Leave out the pictures and retype, exactly, the lines below from the line with "PNE Events Screenshots" up to and including the line with "太平洋(最大長34m、深さ9", nothing more.

The records>
^^^^^^^^^^^^^^^^
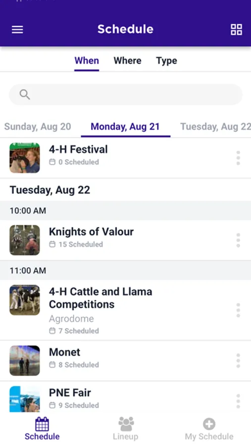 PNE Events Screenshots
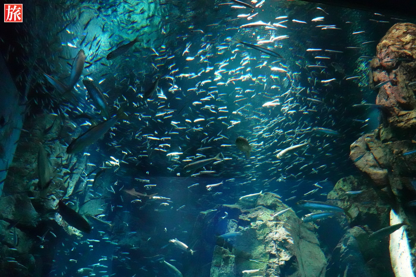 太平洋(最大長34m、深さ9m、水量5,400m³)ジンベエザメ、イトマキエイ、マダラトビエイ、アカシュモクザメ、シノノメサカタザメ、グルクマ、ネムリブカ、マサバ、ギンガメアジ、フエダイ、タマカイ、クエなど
^^^^^^^^^^^^^^^^
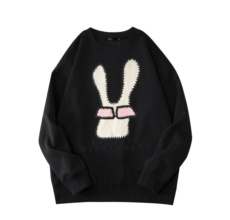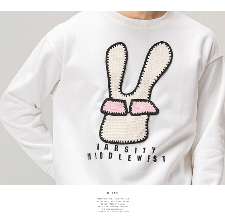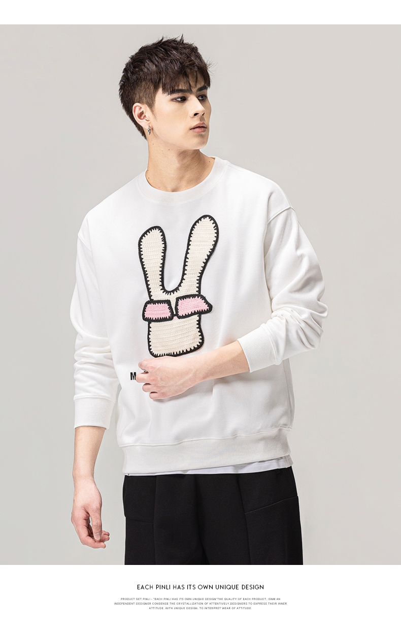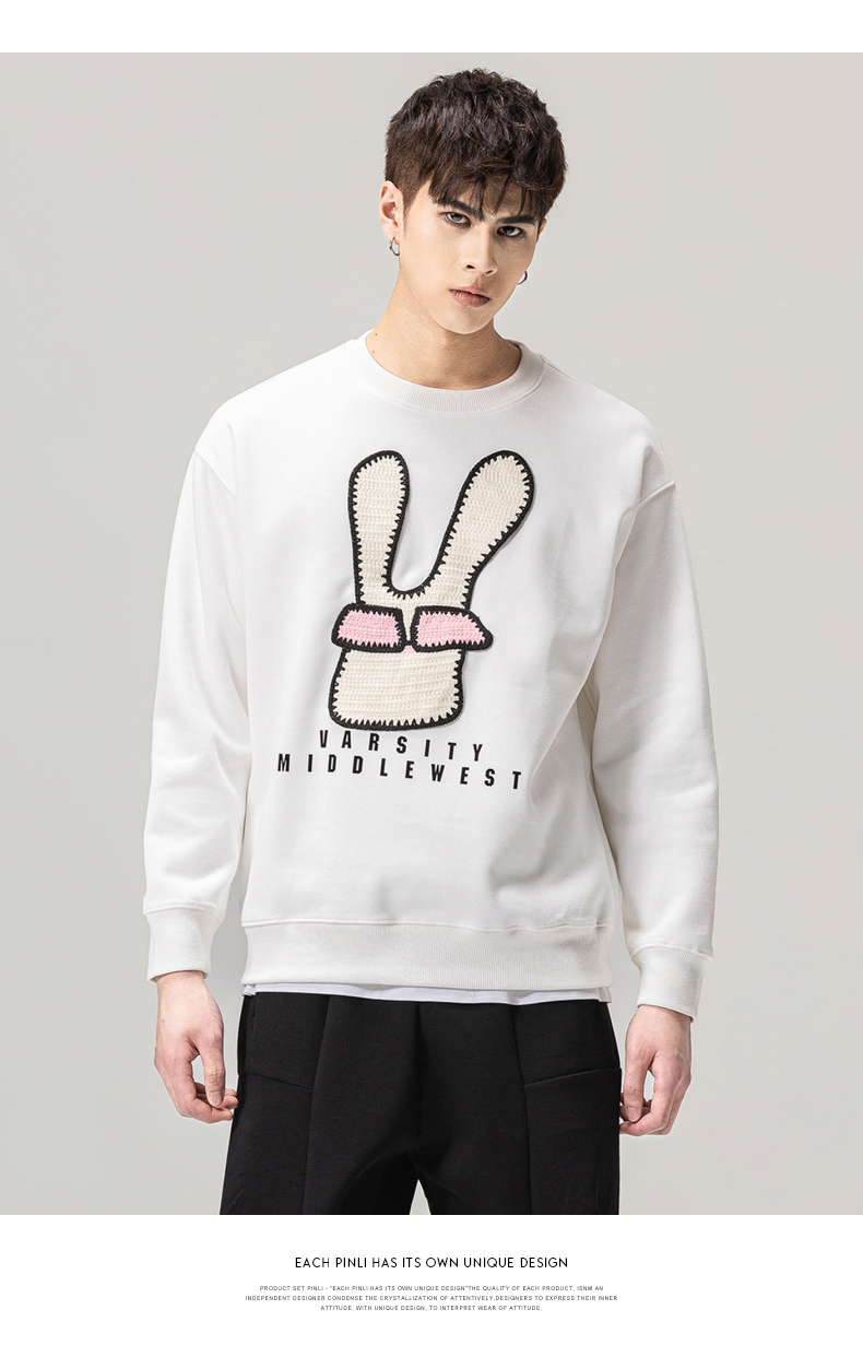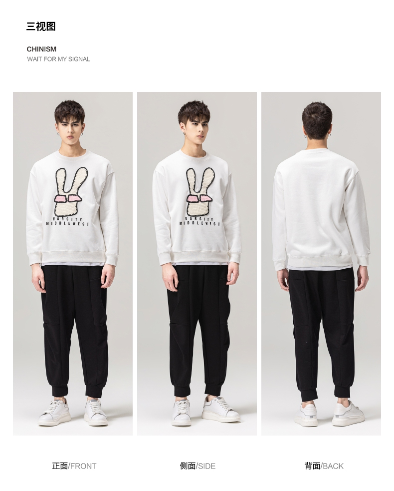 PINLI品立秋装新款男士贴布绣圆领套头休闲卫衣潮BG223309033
^^^^^^^^^^^^^^^^
Exercise response>
 PNE Events Screenshots
 太平洋(最大長34m、深さ9m、水量5,400m³)ジンベエザメ、イトマキエイ、マダラトビエイ、アカシュモクザメ、シノノメサカタザメ、グルクマ、ネムリブカ、マサバ、ギンガメアジ、フエダイ、タマカイ、クエなど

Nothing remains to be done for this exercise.